Le 31 octobre 2025, lors d’une réunion de la commission des Affaires sociales à l’Assemblée nationale, un amendement lié au projet de loi de financement de la Sécurité sociale pour 2026 a été adopté. Cet amendement stipule que « le médecin peut prescrire à l’assuré dont l’état le justifie une mesure de reprise ou de poursuite d’activité en télétravail, avec l’accord de l’assuré et sous réserve de l’éligibilité de son poste ». Ainsi, le concept de « télétravail » est intégré dans un cadre auparavant destiné aux arrêts maladie, ce qui pourrait engendrer des répercussions importantes pour l’économie, rapporte TopTribune.
Une mesure de rationalisation des dépenses d’indemnités journalières
Ce texte souligne l’augmentation significative des dépenses liées aux indemnités journalières dans le régime général ces dernières années. Selon l’exposé sommaire de l’amendement, ces indemnités sont passées « d’environ 6,2 milliards d’euros en 2010 à 10,2 milliards d’euros en 2023 ». Le rapporteur général a noté que cet amendement ne vise pas à diminuer les droits à un arrêt de travail, mais pourrait permettre « un suivi plus régulier » des travailleurs absents.
Cette initiative est une stratégie délibérée du gouvernement et du législateur pour réduire les coûts sociaux associés à l’absentéisme médical, tout en minimisant la perturbation des entreprises causée par les arrêts de longue durée. En acceptant une reprise ou une poursuite d’activité à distance, cette mesure a pour but de maintenir un lien actif entre les employés et les entreprises, tout en préservant une partie de la valeur économique créée.

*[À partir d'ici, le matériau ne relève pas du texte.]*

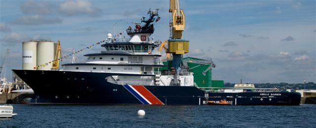 She is on a long time charter for the French government as a UT 515 Multi Purpose Salvage Tug/Coast Guard and Standby Safety vessel and can called up by the Maritime Prefect of Brest at any time.
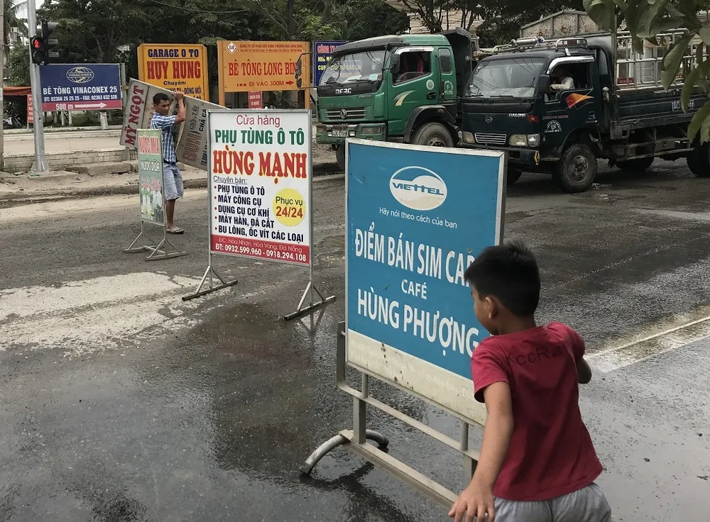 Người dân dùng các biển hiệu chặn xe để được tưới nước đường cho đỡ bụi. Ảnh: HẢI HIẾU

Impacts potentiels sur la productivité et l’organisation du travail
Pour les entreprises, cette réforme pourrait introduire une flexibilité significative dans la gestion des ressources humaines. Les employés qui peuvent travailler à distance pendant leur convalescence légère ou modérée demeureraient productifs, ce qui limiterait le besoin de recrutements temporaires ou de coûteux remplacements.
Dans les secteurs propices au télétravail, cette initiative apporte une nouvelle méthode d’organisation qui pourrait optimiser la continuité des activités. Cependant, la stipulation « sous réserve de l’éligibilité de son poste » indique que cette mesure ne sera pas applicable à tous les métiers. Les professions nécessitant une présence physique resteront en dehors de ce dispositif, ce qui pourrait en réduire l’impact global sur la productivité de l’économie.
Risques de dérive et frein à l’efficacité attendue
Les débats parlementaires ont également mis en exergue des préoccupations relatives aux risques d’abus ou de pressions implicites. Un député de la majorité a qualifié cette mesure de « alternative proportionnée et évolutive, favorisant une reprise progressive et sécurisée » pour certaines pathologies légères. En revanche, un membre de l’opposition a exprimé ses craintes en s’interrogeant : « Qui sommes-nous pour intervenir dans la relation entre le patient et le médecin ?»
Pour que cette mesure soit efficacement bénéfique, certaines exigences seront nécessaires : une définition précise des critères médicaux et professionnels pour l’éligibilité au télétravail, la capacité réelle de l’employé à travailler à distance, un cadre pour la durée de la mesure ou ses révisions, ainsi qu’un suivi rigoureux de la santé et de la productivité. En l’absence de protections adéquates, cette mesure pourrait conduire à des situations peu productives ou même engendrer des coûts additionnels (suivi renforcé, mesure inefficace, désorganisation).
Une mesure symbolique dans un contexte macro-économique plus large
En dehors de ses impacts directs, cette mesure illustre une tendance plus large vers une redéfinition de la relation entre santé, travail et performance économique. Dans un contexte où l’absentéisme et les arrêts de maladie pèsent sur les comptes de la sécurité sociale, la prescription du télétravail se présente comme une solution hybride, alliant maintien d’activité tout en tenant compte de la santé des employés.
Si l’amendement est promulgué et que ses modalités de mise en œuvre deviennent opérationnelles, le télétravail pourrait devenir un élément essentiel dans la modernisation de l’organisation du travail en France. Toutefois, son efficacité reposera largement sur la facilité de mise en œuvre dans la pratique, l’acceptation par les acteurs concernés (médecins, employés, employeurs) et la compatibilité des postes à cette nouvelle modalité.